Anglo-Irish mathematician and astronomer (1850–1917)

Arthur Matthew Weld Downing (13 April 1850 – 8 December 1917) was an Anglo-Irish mathematician and astronomer. Downing's major contribution to astronomy is in the calculation of the positions and movements of astronomical bodies, as well as being a founder of the British Astronomical Association.

==Early life and education==
Downing was born in County Carlow on 13 April 1850, the younger son of Arthur Matthew Downing and Mary Weld. He attended Nutgrove School, near Rathfarnham, Dublin under the tuition Philip Jones. He then went on to study in Trinity College Dublin, from 1866, receiving a scholarship in science graduating with a BA in 1871 with a gold medal in mathematics. Downing went on to receive a Masters in 1881, and an honorary Doctor of Science in 1893.

==Career==
He became an assistant at the Royal Greenwich Observatory on 17 January 1873. He was first in charge of the manuscripts and library, followed by the time department, and then the circle computations. One of his areas of study was that of the altazimuth or horizontal coordinate system, as well as bring one of the four observers of the transit circle and altazimuth. In 1875, Downing was elected as a fellow of the Royal Astronomical Society, contributing 75 papers dealing primarily with correcting errors in the star catalogues and the computation of the motions of astronomical bodies. In one paper, he worked with George Johnstone Stoney on the perturbations of the Leonid meteors, predicting and explaining the sparseness of the 1899 shower.

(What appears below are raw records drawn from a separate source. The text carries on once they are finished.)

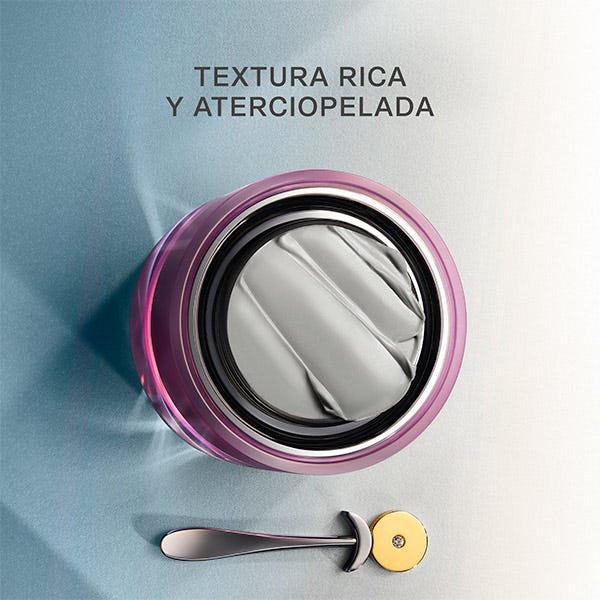 • Con platino, esta crema facial devuelve el volumen, la densidad y la firmeza, reduce las líneas de expresión y arrugas y mejora la textura de la piel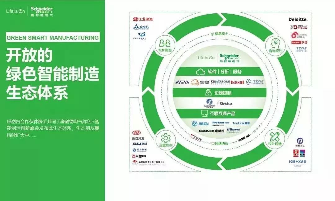 施耐德、中鼎集成、阿里研究院、IB+M、上海宝钢工业技术服务有限公司等数十家“生态圈”合作伙伴,现场共同发布开放的绿色智能制造生态体系。随着开放的绿色智能制造生态体系的建立,生态圈被赋予新的内涵:工业企业都能从绿色智能制造生态体系中融合共生,获得收益,这不仅仅是为生态圈中的企业,更是为中国工业整体水平的提升贡献力量,为社会创造更大价值。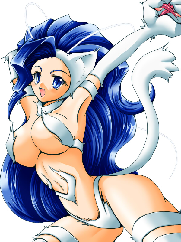 1girlanimal earsanimal handsarmpitsbig hairblue eyesblue hairbody furbreastscat earscat tailfangfemale focuslarge breastslong hairlooking backmatching hair/eyessolotail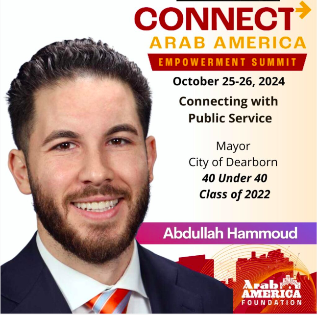 The Arab America Foundation is excited to announce that Dearborn Mayor Abdullah Hammoud will speak at the CONNECT Arab America: Empowerment Summit, which will be held on Friday, October 25, and Saturday, October 26, 2024, at the Dearborn Community and Performing Arts Center, 15801 Michigan Avenue, Dearborn, Michigan 48126--October 27 is optional. See program below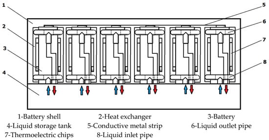 According to the best structure determined above, we designed the pack model of the battery group. The corresponding thermostat structure and thermoelectric chip are added at the same time, the schematic of which is shown in Figure 10. The bottom of the heat exchanger is connected with the liquid inlet of the temperature regulating pipeline, and the top is connected with the liquid outlet of the temperature regulating pipeline. The heat exchanger has a thermoelectric card slot that can be plugged into six thermoelectric chips, which is equivalent to twelve thermoelectric chips for each battery. The symmetrical structure design can ensure full contact between the battery and the temperature control module, which is helpful to improve the temperature control efficiency.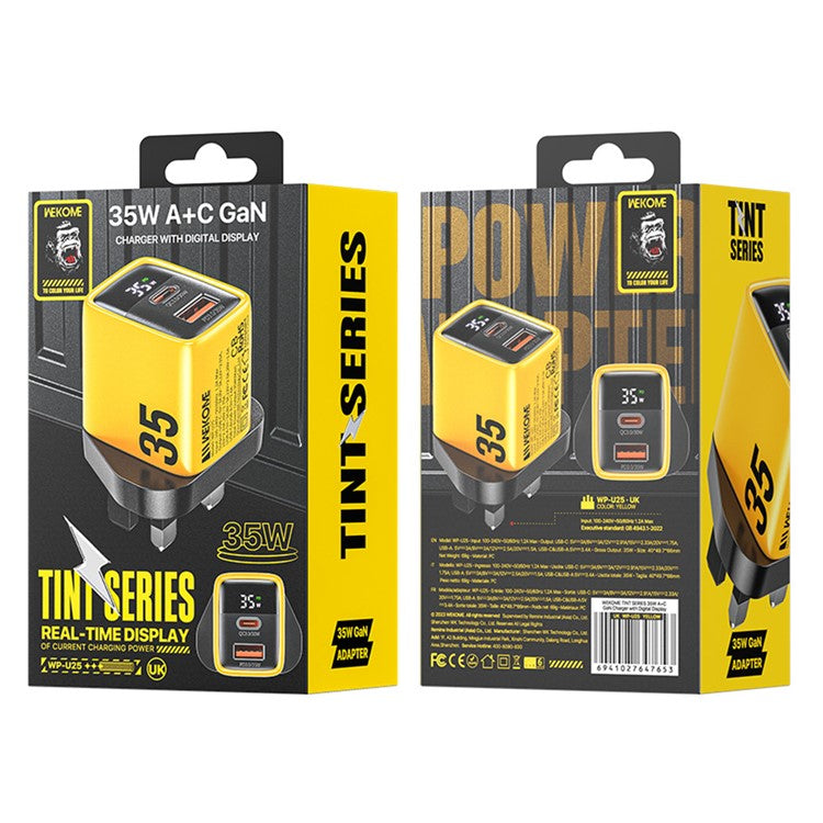 WEKOME WP-U25 35W GaN Charger Dual Port Fast Wall Charger Digital Display Adapter, UK Plug - Yellow

He became superintendent of HM Nautical Almanac Office from 1891 until his retirement in 1910. He was elected a Fellow of the Royal Society in June 1896. He collaborated with his American counterpart Simon Newcomb in establishing an international standard for astronomical constants.

Downing was one of the founders of the British Astronomical Association, and was an ardent supporter during its early years. Through this work he gave significant support to amateur astronomy, serving as vice president (1890–1891) and later president (1892–1894) of the Association. He served as secretary (1889–1892) and vice president (1893–1895) of the Royal Astronomical Society.

Downing was married to Ellen Jane Downing, with whom he had one daughter. Downing died suddenly from heart disease on 8 December 1917, in his home at 30 New Oxford Street, Bloomsbury. He was cremated at Golders Green Crematorium on 13 December 1917.